#### Records provided:
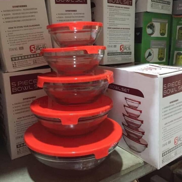 Nhà cửa & Đời sống > Bộ đồ bàn ăn > Tô || Bộ 5 bát thuỷ tinh có nắp đậyCòn hàng
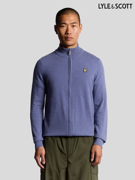 Lyle & Scott Purple Lambswool Blend Zip Through Cardigan
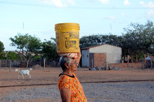 Aos 77 anos, dona Raimunda do Vale Bezerra faz, diariamente, umas seis viagens até a cisterna pra encher a lata d’água que ela leva de volta pra casa equilibrando na cabeça. “É muito sofrida a vida aqui por causa desse problema, mas vai melhorar com o projeto”, diz a senhora.
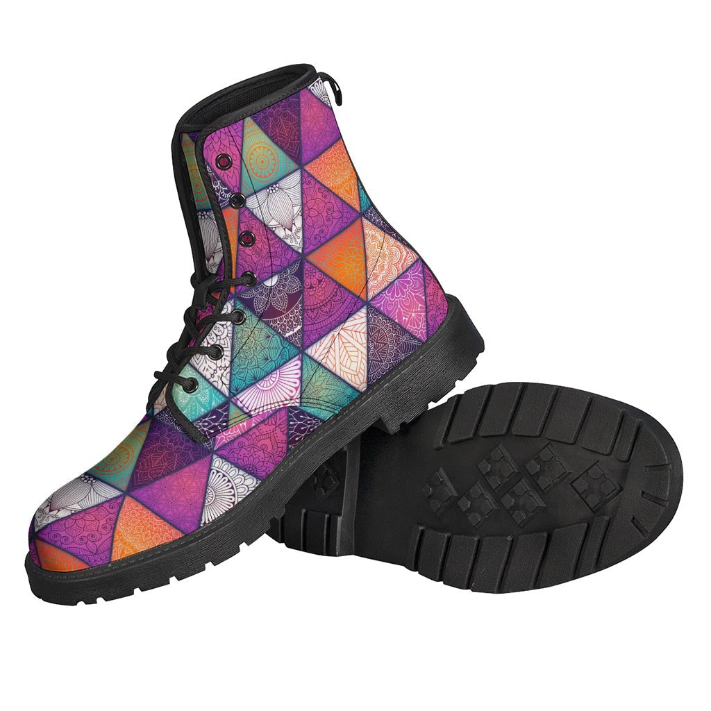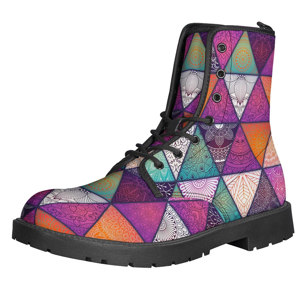 These Hippies Leather Lightweight Boots are the perfect blend of bohemian style and comfort. The unique Triangle Bohemian Mandala pattern print on the leather gives these boots a one-of-a-kind look that is sure to make a statement. The lightweight design makes them perfect for all-day wear, while the durable construction ensures long-lasting quality. Whether you're walking through a music festival or just strolling around town, these boots are sure to add a touch of hippie flair to any outfit. Available in a variety of sizes, these boots are a must-have for any free spirit looking to add some groovy vibes to their wardrobe.
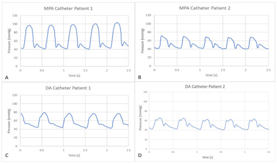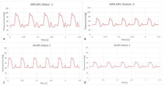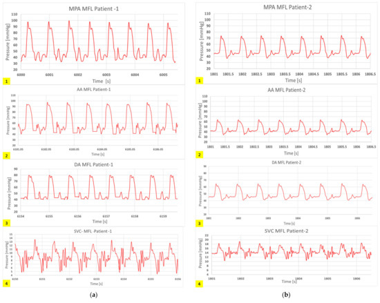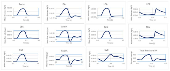 Figure 8 shows a sample set of BC waveforms that were applied to the CFD model following the LPM tuning. Each outlet was treated as a mass flow outlet, while the aortic root was considered as a mass flow inlet, and a total pressure was imposed at the MPA.
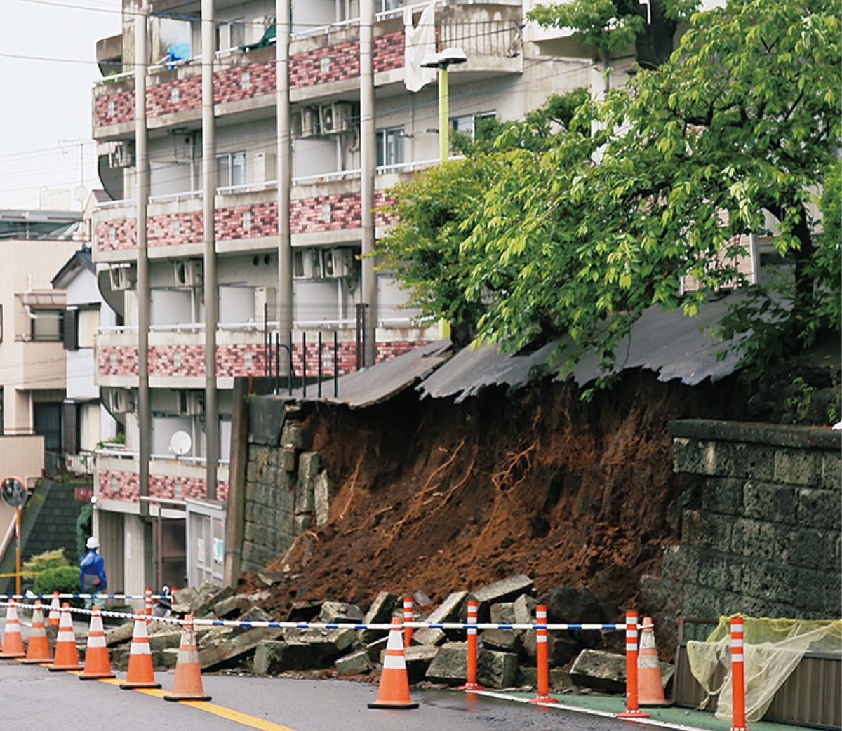 市担当者によると、現場は市が発行する土砂災害ハザードマップ掲載の警戒区域には当てはまらない場所。大雨の何らかの影響で擁壁が崩れたものとされる。擁壁に関する防災対策として、市では所有者に維持管理を呼びかけるほか相談会を実施。擁壁の改修、補強工事には「宅地防災工事助成金制度」として費用の助成を行っている。
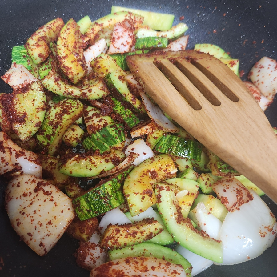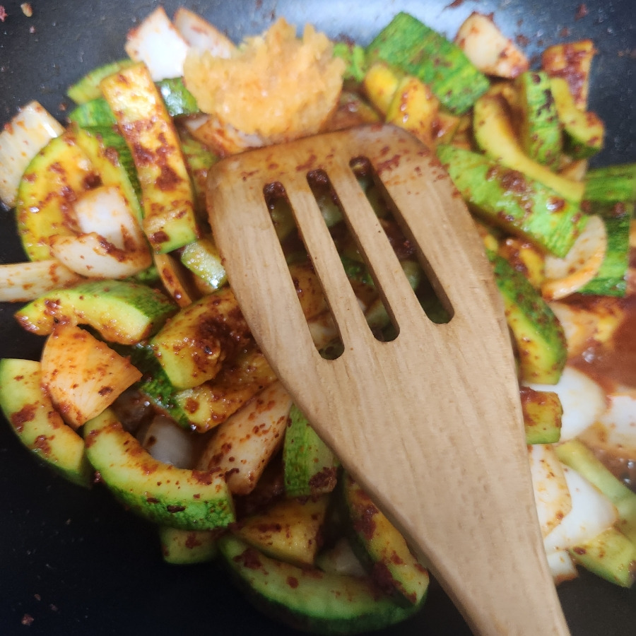- 호박을 볶다가 고춧가루를 넣고 볶아요. 그리고 간 마늘을 넣어요. 마늘 향을 느끼고 싶으면 마지막 끓일 때 넣어 주세요.
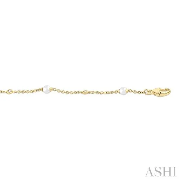 3 MM Round Shape Cultured Pearl and 1/20 Ctw Round Cut Diamond Fashion Station Bracelet in 14K Yellow Gold Image 2 Adler's Diamonds Saint Louis, MO
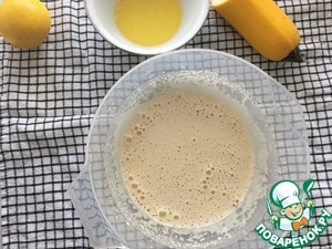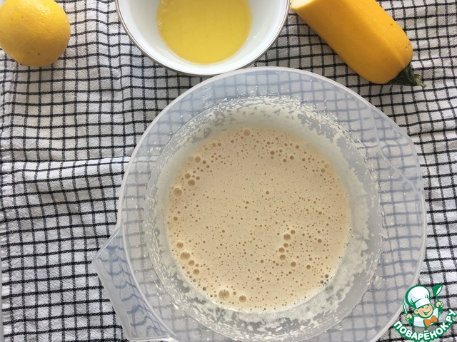 Яйца взбить с сахаром до пышной светлой массы, добавить хорошо отжатый кабачок.
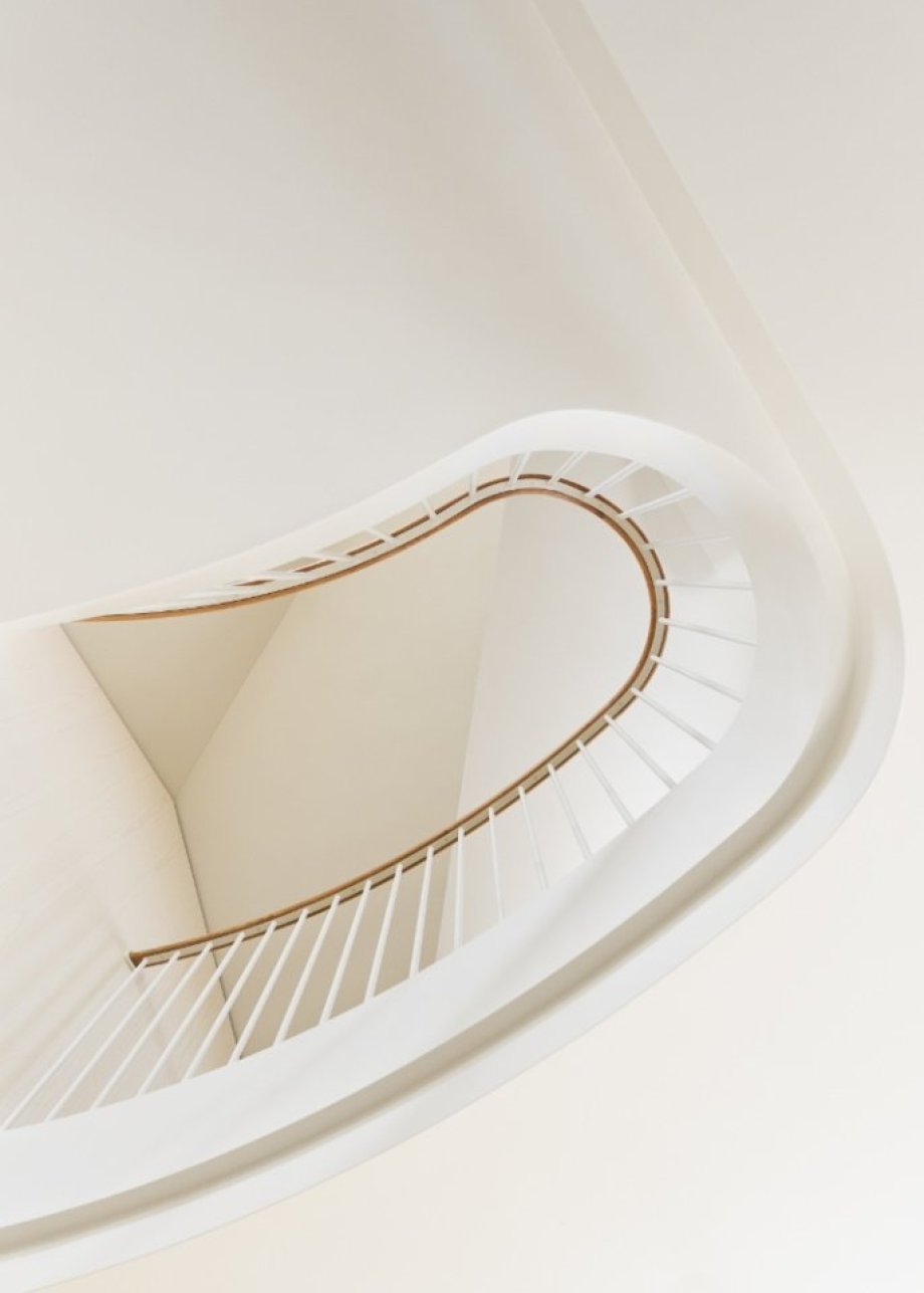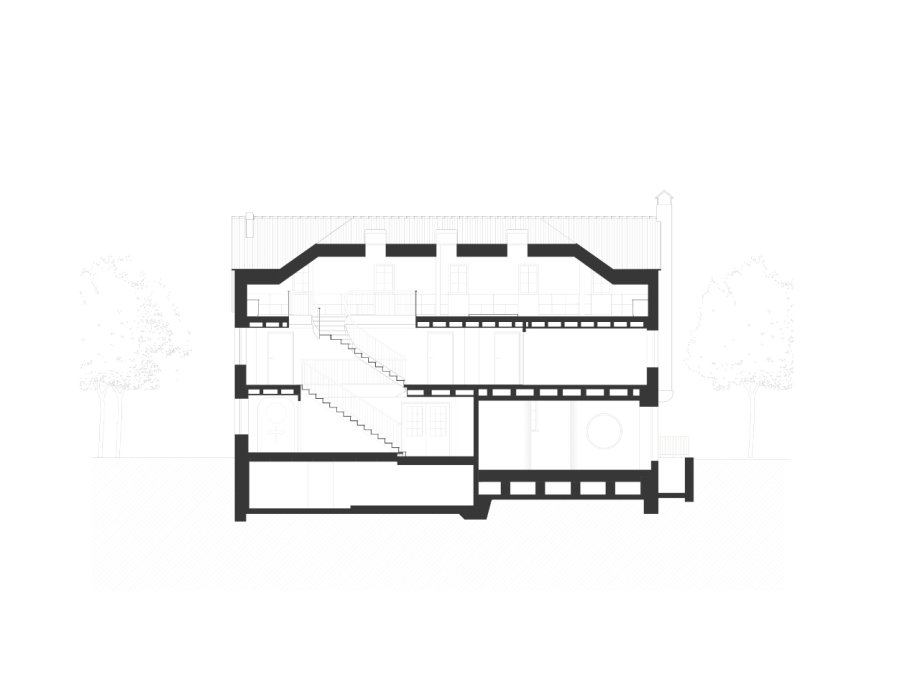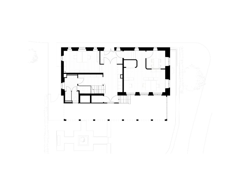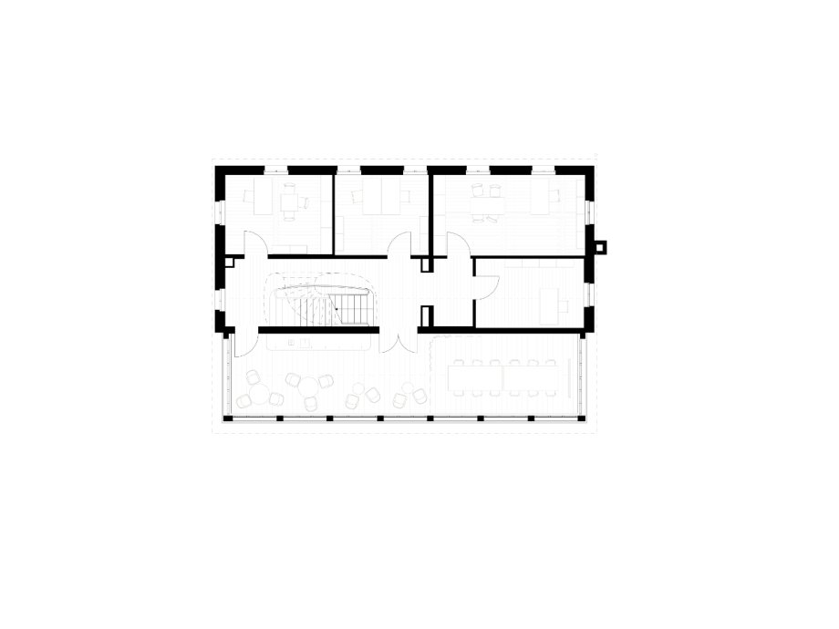 Ziel war es, funktionale und flexible Arbeitsräume zu schaffen und zugleich die architektonische Identität zu bewahren. Die neue Treppenanlage und die überarbeiteten Innentüren zeigen exemplarisch das Zusammenspiel historischer Elemente mit heutigen Anforderungen. Der ausgebaute Dachstock mit Lukarnen und Giebelfenstern bietet helle Arbeitsplätze und eine effiziente Archivablage, eine neue zentrale Treppe verbindet alle Geschosse und in der verglasten Veranda entstand ein Besprechungsbereich mit Blick auf den Rhein.
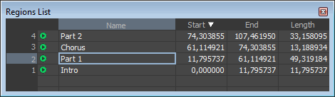 From the View menu, choose Metadata, and then choose Regions List to open or close the Regions List window. The Regions List contains all regions and markers that exist in the active data window.
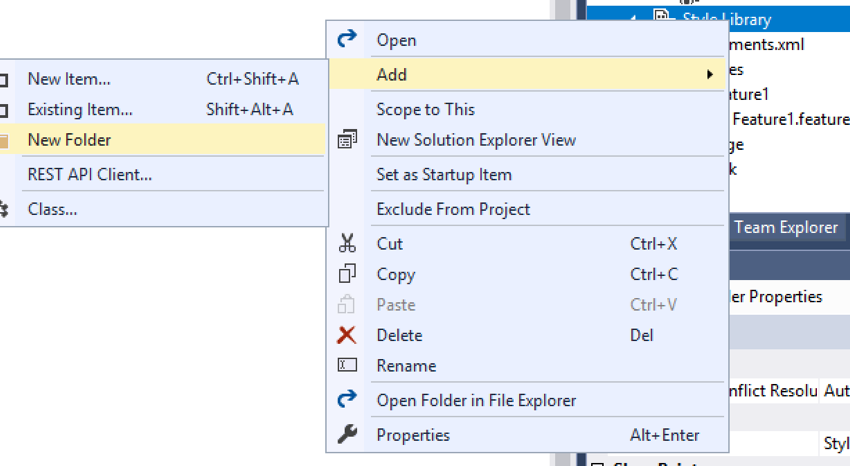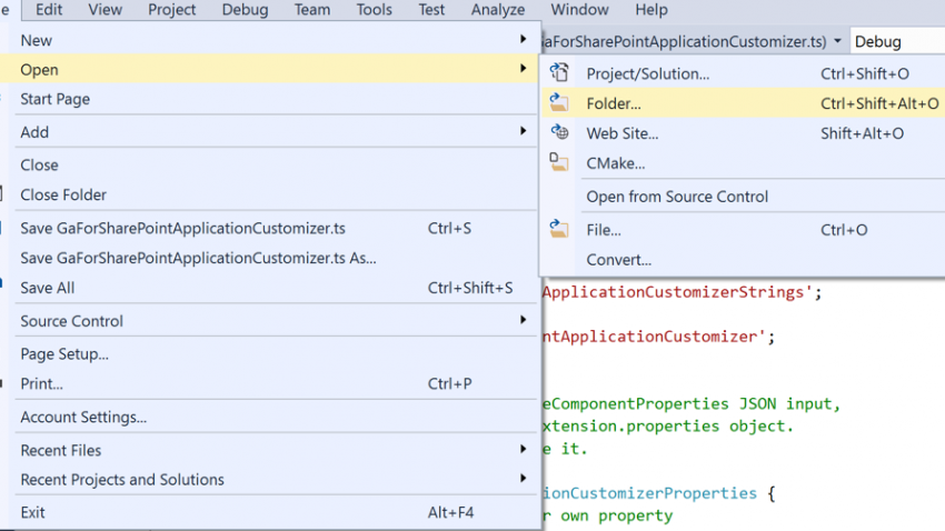 3. Open the project in Visual Studio by selecting Open > Folder … > {Location of the saved project above in step 1}.

#### What you will do:
Skipping the pictures, print the lines in the listing above exactly as written, starting at the line with "Lyle & Scott" and ending at the line with "- 호박을 볶다가 고춧가루를", both included.

#### Reply to the task:
 Lyle & Scott Purple Lambswool Blend Zip Through Cardigan
 Aos 77 anos, dona Raimunda do Vale Bezerra faz, diariamente, umas seis viagens até a cisterna pra encher a lata d’água que ela leva de volta pra casa equilibrando na cabeça. “É muito sofrida a vida aqui por causa desse problema, mas vai melhorar com o projeto”, diz a senhora.
 These Hippies Leather Lightweight Boots are the perfect blend of bohemian style and comfort. The unique Triangle Bohemian Mandala pattern print on the leather gives these boots a one-of-a-kind look that is sure to make a statement. The lightweight design makes them perfect for all-day wear, while the durable construction ensures long-lasting quality. Whether you're walking through a music festival or just strolling around town, these boots are sure to add a touch of hippie flair to any outfit. Available in a variety of sizes, these boots are a must-have for any free spirit looking to add some groovy vibes to their wardrobe.
 Figure 8 shows a sample set of BC waveforms that were applied to the CFD model following the LPM tuning. Each outlet was treated as a mass flow outlet, while the aortic root was considered as a mass flow inlet, and a total pressure was imposed at the MPA.
 市担当者によると、現場は市が発行する土砂災害ハザードマップ掲載の警戒区域には当てはまらない場所。大雨の何らかの影響で擁壁が崩れたものとされる。擁壁に関する防災対策として、市では所有者に維持管理を呼びかけるほか相談会を実施。擁壁の改修、補強工事には「宅地防災工事助成金制度」として費用の助成を行っている。
- 호박을 볶다가 고춧가루를 넣고 볶아요. 그리고 간 마늘을 넣어요. 마늘 향을 느끼고 싶으면 마지막 끓일 때 넣어 주세요.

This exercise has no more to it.